Are there any general purpose algroythms for caculating these graphs? Such as Dijkstra’s algorithm.

~TheArchitect

True, it would be somewhere around 19x @ 95% parallelizm for 960 cores, which leads you to the conclusion that your estimate of the percentage on the GPU is wrong and should be at least 99.5% for a 200x speedup.

N.

Okay I found Gastafson’s Law for data parallizm regarding Amdahl’s Law after reading cvnguyen’s reply.
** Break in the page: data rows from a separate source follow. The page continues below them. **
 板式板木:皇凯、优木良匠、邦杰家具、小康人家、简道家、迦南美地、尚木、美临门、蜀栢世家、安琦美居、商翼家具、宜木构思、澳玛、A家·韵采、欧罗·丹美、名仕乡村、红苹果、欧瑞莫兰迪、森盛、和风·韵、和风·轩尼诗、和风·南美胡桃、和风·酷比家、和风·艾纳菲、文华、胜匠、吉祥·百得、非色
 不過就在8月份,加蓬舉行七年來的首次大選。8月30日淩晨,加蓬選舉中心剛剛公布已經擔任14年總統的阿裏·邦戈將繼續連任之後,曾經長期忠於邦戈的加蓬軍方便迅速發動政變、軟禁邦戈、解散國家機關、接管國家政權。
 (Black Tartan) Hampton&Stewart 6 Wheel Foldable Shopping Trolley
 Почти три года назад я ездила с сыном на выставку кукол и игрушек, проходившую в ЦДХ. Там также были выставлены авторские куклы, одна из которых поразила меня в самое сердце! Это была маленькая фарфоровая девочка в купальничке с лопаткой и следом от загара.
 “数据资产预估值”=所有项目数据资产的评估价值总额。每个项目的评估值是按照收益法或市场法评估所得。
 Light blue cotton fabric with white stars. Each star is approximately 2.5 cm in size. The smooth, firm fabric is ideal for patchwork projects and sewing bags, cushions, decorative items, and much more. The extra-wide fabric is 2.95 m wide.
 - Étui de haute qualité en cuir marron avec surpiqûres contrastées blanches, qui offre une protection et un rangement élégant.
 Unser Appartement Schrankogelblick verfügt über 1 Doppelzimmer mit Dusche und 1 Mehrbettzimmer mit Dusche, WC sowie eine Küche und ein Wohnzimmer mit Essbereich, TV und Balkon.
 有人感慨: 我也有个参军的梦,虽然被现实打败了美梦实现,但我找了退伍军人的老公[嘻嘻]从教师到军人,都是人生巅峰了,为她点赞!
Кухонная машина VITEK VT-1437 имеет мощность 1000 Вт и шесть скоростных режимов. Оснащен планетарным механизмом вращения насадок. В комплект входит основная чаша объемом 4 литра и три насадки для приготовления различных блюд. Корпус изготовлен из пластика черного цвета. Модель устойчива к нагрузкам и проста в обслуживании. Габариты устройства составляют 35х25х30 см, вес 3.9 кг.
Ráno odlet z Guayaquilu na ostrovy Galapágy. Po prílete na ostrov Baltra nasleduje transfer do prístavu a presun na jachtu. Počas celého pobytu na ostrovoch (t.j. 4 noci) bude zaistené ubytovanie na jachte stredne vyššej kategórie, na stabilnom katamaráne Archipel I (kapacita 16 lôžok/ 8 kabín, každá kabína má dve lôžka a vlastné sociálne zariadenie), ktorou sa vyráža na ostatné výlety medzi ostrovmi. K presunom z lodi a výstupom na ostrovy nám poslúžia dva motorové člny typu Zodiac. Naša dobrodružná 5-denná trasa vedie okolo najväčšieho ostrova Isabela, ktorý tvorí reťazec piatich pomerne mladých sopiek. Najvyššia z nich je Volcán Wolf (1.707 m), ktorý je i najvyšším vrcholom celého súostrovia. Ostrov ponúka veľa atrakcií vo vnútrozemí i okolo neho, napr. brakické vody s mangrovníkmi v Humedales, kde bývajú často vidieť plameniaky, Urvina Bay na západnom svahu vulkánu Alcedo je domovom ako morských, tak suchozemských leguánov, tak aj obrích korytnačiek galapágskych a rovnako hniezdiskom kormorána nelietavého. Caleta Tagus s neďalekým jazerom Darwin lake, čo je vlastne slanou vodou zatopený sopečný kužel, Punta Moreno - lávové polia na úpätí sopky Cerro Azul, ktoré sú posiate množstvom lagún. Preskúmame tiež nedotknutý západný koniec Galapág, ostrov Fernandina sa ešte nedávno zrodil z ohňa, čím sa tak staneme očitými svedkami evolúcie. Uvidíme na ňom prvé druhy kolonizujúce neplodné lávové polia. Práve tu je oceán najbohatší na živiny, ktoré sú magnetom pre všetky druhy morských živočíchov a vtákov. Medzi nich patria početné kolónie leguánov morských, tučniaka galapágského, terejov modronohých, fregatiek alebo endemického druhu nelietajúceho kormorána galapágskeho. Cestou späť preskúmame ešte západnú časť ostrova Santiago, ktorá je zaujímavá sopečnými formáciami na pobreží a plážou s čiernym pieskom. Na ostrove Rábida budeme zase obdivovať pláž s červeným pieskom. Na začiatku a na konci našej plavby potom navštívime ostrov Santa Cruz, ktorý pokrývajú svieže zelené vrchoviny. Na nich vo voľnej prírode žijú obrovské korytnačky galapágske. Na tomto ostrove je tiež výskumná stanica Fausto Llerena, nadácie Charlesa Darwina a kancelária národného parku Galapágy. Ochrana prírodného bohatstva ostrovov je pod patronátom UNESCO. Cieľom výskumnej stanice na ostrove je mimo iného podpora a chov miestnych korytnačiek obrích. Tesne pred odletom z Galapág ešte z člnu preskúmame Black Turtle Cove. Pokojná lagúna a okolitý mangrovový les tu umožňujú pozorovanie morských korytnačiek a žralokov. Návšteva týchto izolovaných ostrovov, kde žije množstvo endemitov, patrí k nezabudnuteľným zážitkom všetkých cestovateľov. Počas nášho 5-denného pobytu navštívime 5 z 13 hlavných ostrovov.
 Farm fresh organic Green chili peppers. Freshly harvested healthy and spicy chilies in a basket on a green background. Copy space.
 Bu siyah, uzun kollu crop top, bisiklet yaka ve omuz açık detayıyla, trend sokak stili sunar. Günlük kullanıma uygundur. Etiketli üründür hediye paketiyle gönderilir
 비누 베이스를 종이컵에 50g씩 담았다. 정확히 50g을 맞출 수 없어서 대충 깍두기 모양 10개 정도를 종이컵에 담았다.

Speedup = (s + p ) / (s + p / N )

= 1 / (s + p / N )

With only 1% of the code in serial the max is 91%. Is it possible to have close to 0% with CUDA? John L. Gustafson acheived close to this:

http://www.scl.ameslab.gov/Publications/Gu…aw/Amdahls.html

What is the best that can be expected with CUDA? I have read other posts claiming around 80x for CUDA.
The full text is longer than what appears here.